Closed Genome Sequence of Noninvasive Streptococcus pyogenes M/emm3 Strain STAB902.

We report a closed genome sequence of group A Streptococcus genotype emm3 (GAS M/emm3) strain STAB902, isolated from a superficial pyodermatitis. The genome is composed of 1,892,124 bp, 6 integrated prophages, and has 1,858 identified coding sequences (CDSs). It has been fitted with the two available invasive GAS M/emm3 strains.

GENOME ANNOUNCEMENT

Streptococcus pyogenes or GAS may be asymptomatically carried in the throat of 5 to 15% of normal individuals and is also an important human pathogen that causes a wide variety of infectious diseases. The bacterial wall-anchored M protein, which is encoded by the emm gene, is an important virulence factor and is also an epidemiological marker that is used worldwide to characterize GAS isolates (1, 2). Strains with the M/emm3 type are more often associated with invasive infections such as necrotizing fasciitis or streptococcal toxic shock syndrome, and have a higher case fatality rate than strains of most other emm genotypes (3, 4). The complete genomes of two invasive GAS M/emm3 strains are available (5, 6). Aiming to decipher molecular mechanisms involved in invasiveness by comparing GAS M/emm3 strains, we sequenced and annotated the whole genome of an M/emm3 GAS strain isolated from a non-invasive superficial cutaneous infection, henceforth named STAB902.

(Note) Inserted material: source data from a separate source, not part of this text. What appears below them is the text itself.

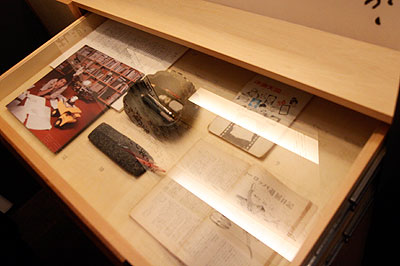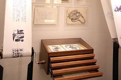 | 中 村 | そう、 引き出しを自分で開けて見てもらうんです。 最近のミュージアムは、 来館者用のパソコンを並べておいて 画面で検索してもらう方式が多いんですが、 ぼくは、ミュージアムに来てまで コンピューターの画面を見たり、 マウスを触ったりしたくないんです。 それより、本物をじかに見たい。 それも、見せられるんじゃなくて、 自分で能動的に見たい‥‥というわけで、 この記念館では、 愉しく見るための工夫がいろいろしてあります。 |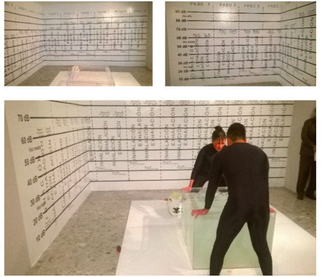 A diferencia de la propuesta de Lozano-Hemmer, en la que los textos se caracterizan por su actualización constante, podemos mencionar un ejemplo distinto, en el cual las leyendas textuales han sido predefinidas e integradas secuencialmente en los muros del Museo de Arte Carrillo Gil en 2016. En este recinto Alicia Medina presentó su obra Solo a dos voces, conformada por gráficos (resina de concreto, vinil auto adherible, grafito y tinta) y acción en vivo (performance). Los gráficos presentan secuencias de instrucciones “PASO 1” …” PASO 10”, “10dB” …”90 dB” y enunciados como “INHALACION, EXHALACION” [sic] y otros textos; durante el performance participaron un hombre y una mujer (Imagen 3). En la presentación de la obra de Medina, circunscrita en el marco de la ceremonia de inauguración, el ritual preparado con anticipación y presentado en el formato de performance y la interacción de los asistentes hacen del acompañamiento de la escritura prediseñada y presentada a manera de gráficos un ritual colectivo donde se fusionan los sentidos, el auditivo y el visual principalmente.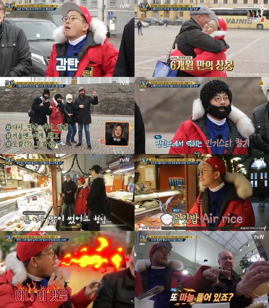 처음 접하는 연어 수프와 순록 샌드위치도 맛있게 먹은 김준호는 카이가 직접 만들어 온 핀란드 디저트 맴미의 매운맛에 동공이 확장돼 폭소를 불러일으켰다. 이는 카이가 한국에 여행 왔을 당시 그에게 속아 생마늘 쌈을 먹었던 것에 대한 복수를 위해 마늘을 넣었기 때문. 시트콤 같은 이들의 모습이 꿀잼을 안겼다.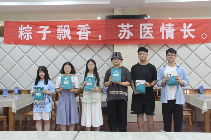 临近结束,副院长王辉表示:传统节日文化是一个民族的根脉。端午节作为我国的传统节日已有几千年的历史,通过今天的活动,大家将重温传统文化,牢记爱国初心。随后,王院长将饱含苏医爱心的粽子、鸭蛋等应节礼品送到同学手中,传递节日的温暖,希望同学们在接下来的考试中“高粽”,鼓舞他们的斗志,激励他们奋进。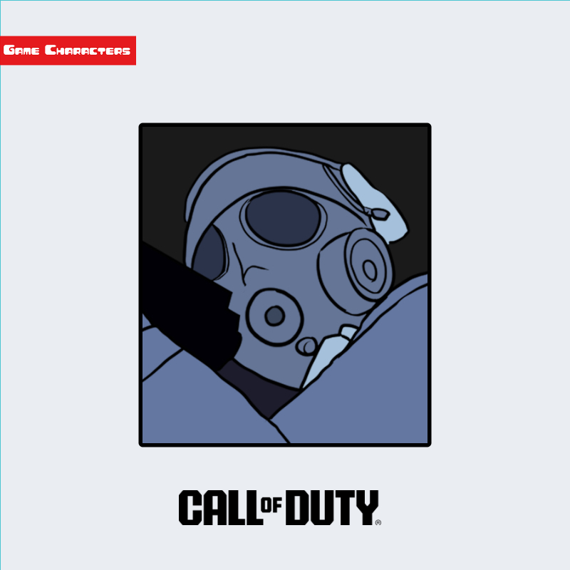 『コール オブ デューティ』シリーズに登場するマーカス・バーンズは、防護マスクを装着した兵士型のキャラクターとして描かれている。視認情報では、円形のフィルターを持つガスマスクとヘルメットを併用した装備が特徴で、全体的に暗色の戦闘服で統一されている。顔の大部分がマスクで覆われ、視覚的には「防護装備一体化型」の構造を持つ。装甲や防護具の重心が頭部に集中しており、シリーズ内の他兵士よりも防御重視の印象を与える造形である。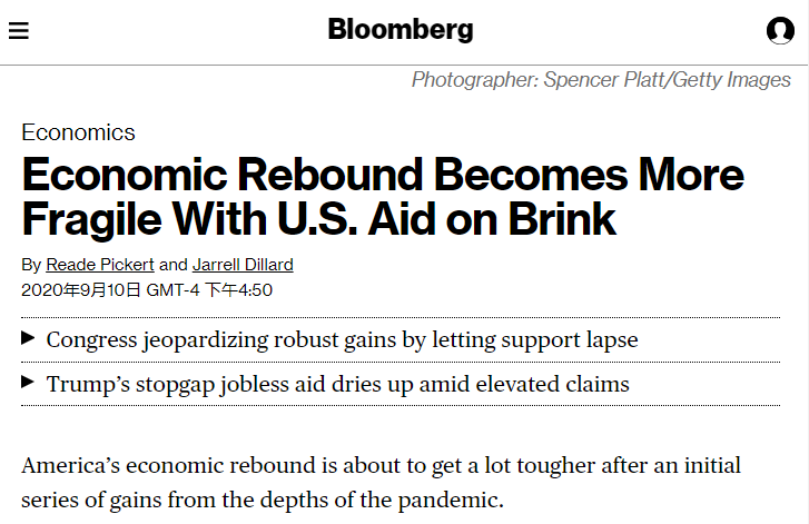 彭博社称,随着纾困措施难产,美国经济复苏变得更加脆弱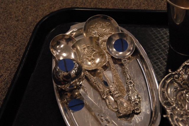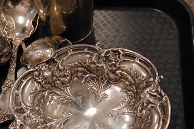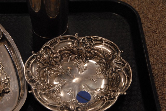 Sterling silver and plated lot including small oval tray, dish, cup, tea strainer and 4 spoons.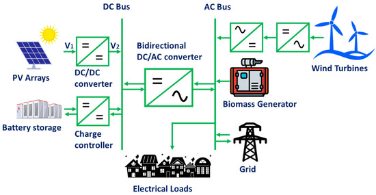 The scenarios can be defined by sizing and hybridizing the solar photovoltaics, wind turbines, biomass energy generators, and battery banks with respect to the load type and size, as shown in Figure 2. Biomass generators and battery banks in this study cover the base load and renewable energy intermittency in the grid-tied and off-grid configurations, respectively. Therefore, the simultaneous operation of battery storage and biomass generator systems is impermissible, which means that when a grid-tied scenario is considered, the grid replaces the battery bank, and the possibility of power exchange with the grid is evaluated.

A STAB902 strain grown in Todd-Hewitt medium supplemented with 0.2% yeast extract (THY) and DNA for sequencing was extracted and purified using the phenol-chlorophorm technique. Genomic DNA was sequenced using HiSeq 2000 technology (Illumina, Inc., San Diego, CA) and the paired-end library was built using the MGX facility of the CNRS in Montpellier, France. There are a total of 35,623,128 high-quality reads giving an average of 1,964-fold coverage of the genome, which was assembled using CLC Genomics Workbench v6 software (http://www.clcbio.com). The resulting assembly consisted of 90 contigs, which were oriented and connected based on the two previously sequenced GAS M/emm3 strains (SSI-1 and MGAS 315) (5, 6). In comparison with these two reference genomes, which both show large genomic rearrangements (5), the final chromosomal organization of the STAB902 strain is identical to that of the SSI-1 strain. After reassembling, 9 gaps persisted within the repeated zones (4 rRNAs, 3 tRNAs, and 2 hypothetical phage proteins), and were filled according to the nucleotide sequences of the SSI-1 and MGAS 315 strains. Two assembly gaps separated by 278 bp were localized within the sclB gene (collagen-like surface protein) (7). Therefore, the sclB sequence was determined by PCR and sequencing. This allows the complete closure of the chromosome of the STAB902 strain. Genome annotation was performed in parallel by using the RAST server (8) and NCBI-PGAP (http://ncbi.nlm.nih.gov/genome/annotation_prok). Prophages were identified using the PHAge search tool (PHAST) (9).

Finally the strain STAB902 harbored a single circular genome of 1,892,124 bp, with a G+C-content of 38.4%. We identified 1,858 coding sequences (CDSs), 60 tRNAs genes, 15 rRNAs genes, and 6 intact integrated prophages. The multilocus sequence type (10) is determined to be ST406. In comparison with SSI-1 and MGAS 315 genomes (5, 6), almost all of the genes of known virulence factors (proteinases, superantigen, proteins adhesion, and gene regulator) are present. In addition, genomic comparison evidenced in the strain STAB902 in-frame deletions of sclB and graB (11) genes encoding two surface proteins anchored to the bacterial wall by an LP×TG motif. The roles of these genes in the invasiveness of the GAS M/emm3 genotype are under investigation.

Nucleotide sequence accession number.

The S. pyogenes strain STAB902 genome sequence has been deposited in the NCBI database under the accession no. CP007041. The version described in this paper is the first version.